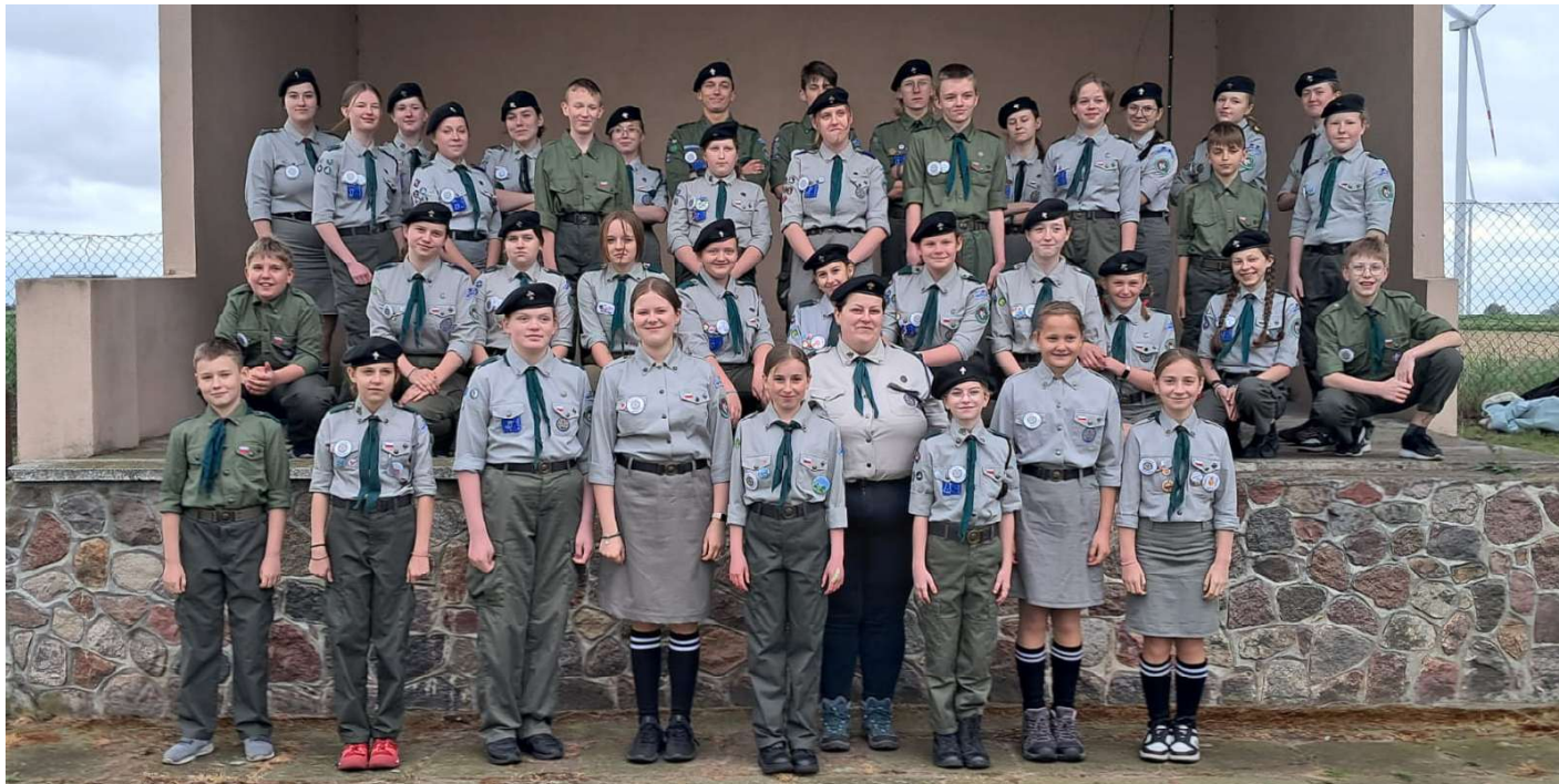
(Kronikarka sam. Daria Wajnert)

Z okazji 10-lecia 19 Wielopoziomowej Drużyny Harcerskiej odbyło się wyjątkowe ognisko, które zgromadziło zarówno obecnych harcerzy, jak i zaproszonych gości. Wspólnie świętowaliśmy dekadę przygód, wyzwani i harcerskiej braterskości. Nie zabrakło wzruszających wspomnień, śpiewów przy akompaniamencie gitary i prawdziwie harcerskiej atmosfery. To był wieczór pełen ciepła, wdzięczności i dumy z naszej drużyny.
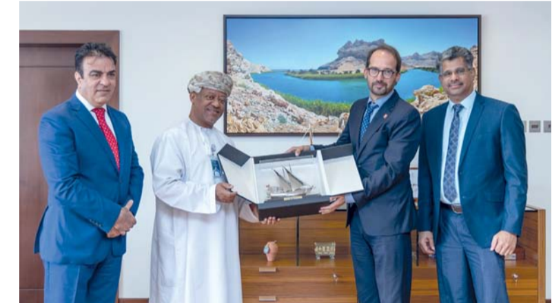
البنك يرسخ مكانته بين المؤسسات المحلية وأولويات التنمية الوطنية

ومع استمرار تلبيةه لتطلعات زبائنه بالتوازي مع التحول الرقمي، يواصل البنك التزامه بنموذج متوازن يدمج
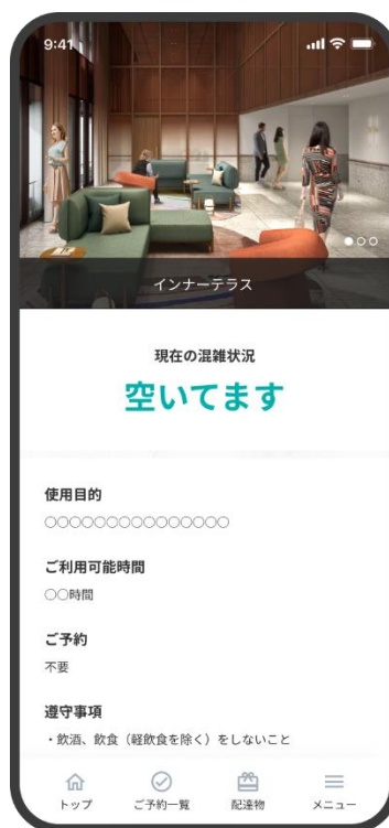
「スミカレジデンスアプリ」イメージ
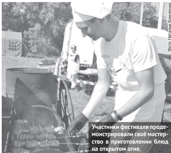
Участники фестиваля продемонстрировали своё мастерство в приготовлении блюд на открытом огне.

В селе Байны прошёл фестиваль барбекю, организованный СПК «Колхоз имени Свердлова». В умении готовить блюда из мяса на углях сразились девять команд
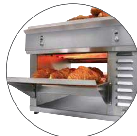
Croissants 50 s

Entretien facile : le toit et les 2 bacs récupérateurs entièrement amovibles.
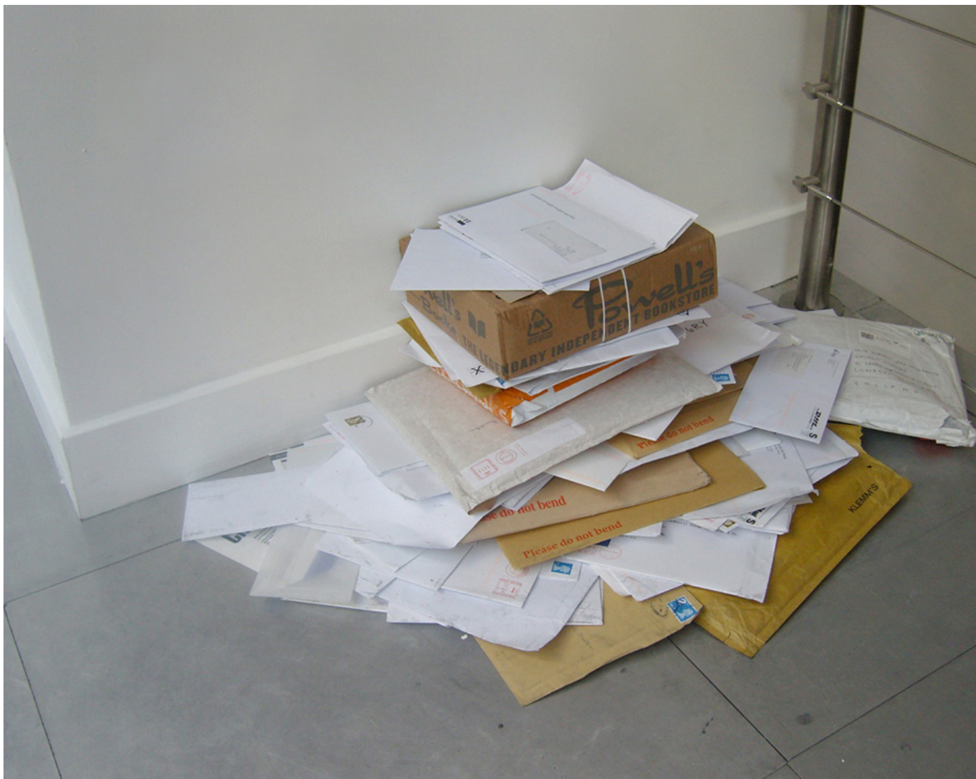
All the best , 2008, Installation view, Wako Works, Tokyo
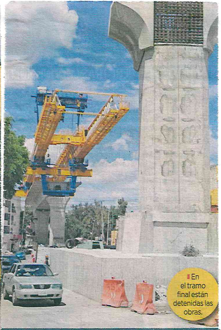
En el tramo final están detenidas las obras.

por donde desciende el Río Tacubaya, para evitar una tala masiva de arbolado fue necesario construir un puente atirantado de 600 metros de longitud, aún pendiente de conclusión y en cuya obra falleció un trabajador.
..............................
#### [Problem]
In the material above, find every line that has the string "البنك" and pull those lines out.

#### [Result]
البنك يرسخ مكانته بين المؤسسات المحلية وأولويات التنمية الوطنية
ومع استمرار تلبيةه لتطلعات زبائنه بالتوازي مع التحول الرقمي، يواصل البنك التزامه بنموذج متوازن يدمج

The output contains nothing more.